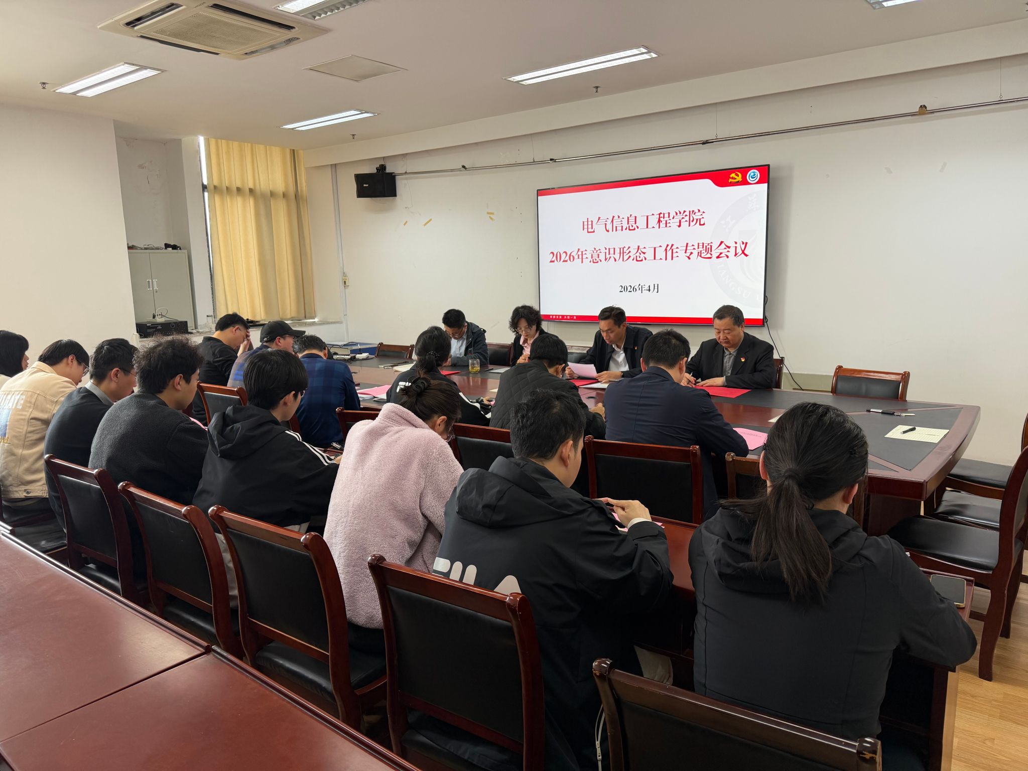 4月15日,电气学院2026年意识形态工作专题会议在电气楼404召开。电气学院全体领导班子、党委委员、党支部书记参加会议。会议由电气学院党委书记朱晏主持。
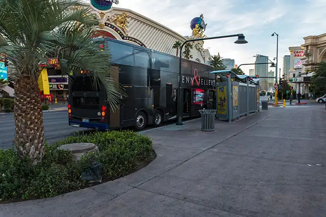 По Стрипу и далее в Дантаун ездит двухэтажный автобус «Двойка». Этот вот идет из Даунтауна. Проезд стоит 6 баксов с носа за два часа или восемь баксов – за 24 часа. Народ, понятно, предпочитает покупать билет на сутки.
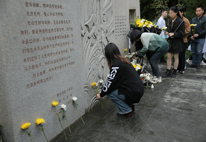师生代表将手中的黄白菊花一一放在无语良师碑前,深情注视着每一位无语良师的名字,以敬畏之心瞻仰无语良师纪念碑。寄语当下,逐梦未来。“大爱无疆”“永远怀念您为我们做的一切”......一株株柏树上悬挂着探花av
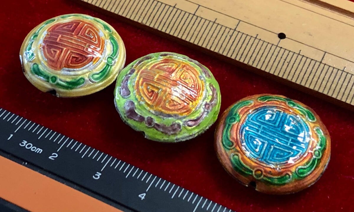 ¶!¶ 有線七宝焼ワールド - 3色(個)の円盤型玉で1単位 ¶!¶ 約厚9㎜×Φ23㎜ 金線3色釉緑褐色祥雲橙萬壽紋様 手作 手芸 工芸 インテリア 收藏
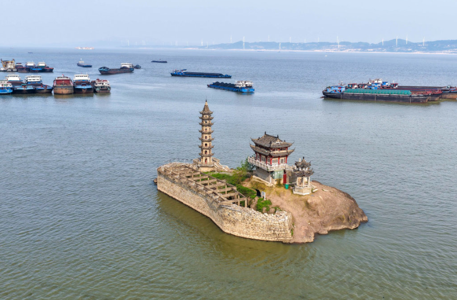 2026年4月17日拍摄的江西省庐山市鄱阳湖落星墩附近水域。
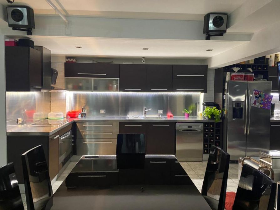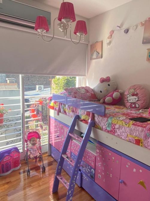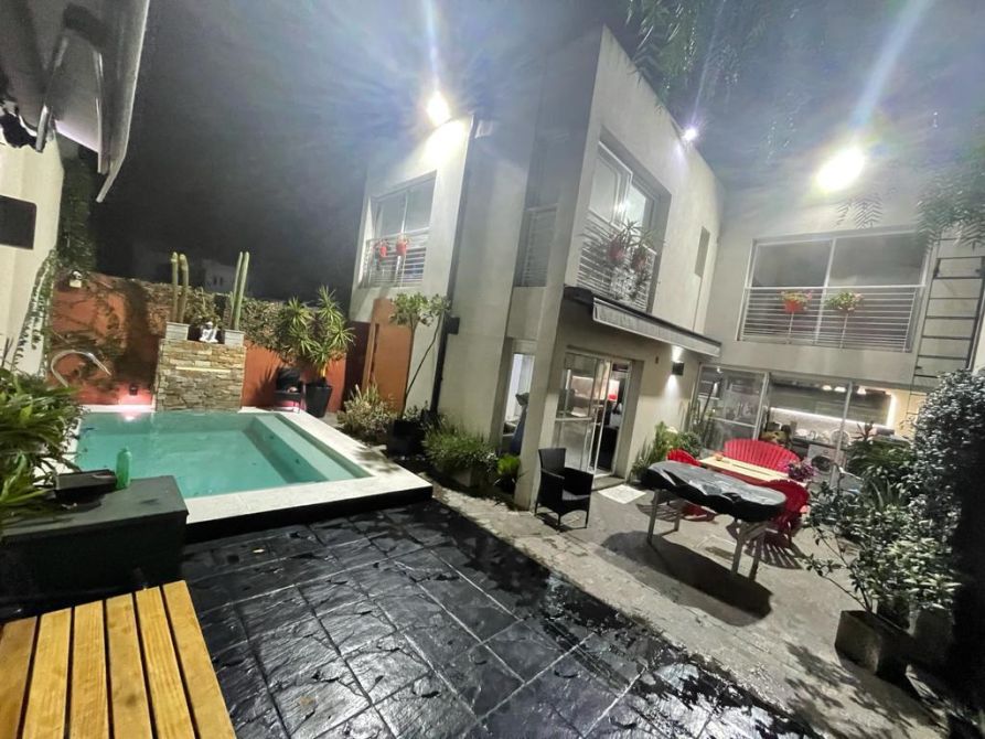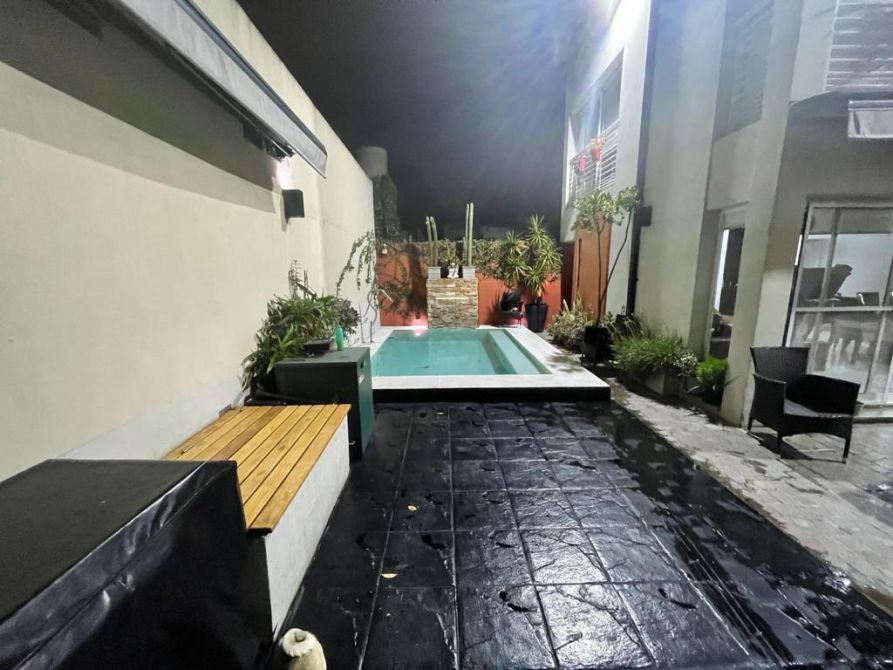 Amplio patio con toldos eléctricos y piscina propia, climatizada, revestida y con cascada. En planta baja se desarrolla el living comedor - Cocina equipada con muebles Jhonson, triturador, horno y anafe eléctrico, conexión para lavavajilla y lavarropas. Excelentes terminaciones y calidad de materiales.- Baño toilette.

[EXERCISE GOAL]
Output the lines of the data exactly, starting at the first and ending with the line that has "2026年4月17日拍摄的江西省庐山市鄱阳湖落星墩附近水域。". Pictures are not part of it.

[RESPONSE AREA]
 4月15日,电气学院2026年意识形态工作专题会议在电气楼404召开。电气学院全体领导班子、党委委员、党支部书记参加会议。会议由电气学院党委书记朱晏主持。
 По Стрипу и далее в Дантаун ездит двухэтажный автобус «Двойка». Этот вот идет из Даунтауна. Проезд стоит 6 баксов с носа за два часа или восемь баксов – за 24 часа. Народ, понятно, предпочитает покупать билет на сутки.
师生代表将手中的黄白菊花一一放在无语良师碑前,深情注视着每一位无语良师的名字,以敬畏之心瞻仰无语良师纪念碑。寄语当下,逐梦未来。“大爱无疆”“永远怀念您为我们做的一切”......一株株柏树上悬挂着探花av
 ¶!¶ 有線七宝焼ワールド - 3色(個)の円盤型玉で1単位 ¶!¶ 約厚9㎜×Φ23㎜ 金線3色釉緑褐色祥雲橙萬壽紋様 手作 手芸 工芸 インテリア 收藏
 2026年4月17日拍摄的江西省庐山市鄱阳湖落星墩附近水域。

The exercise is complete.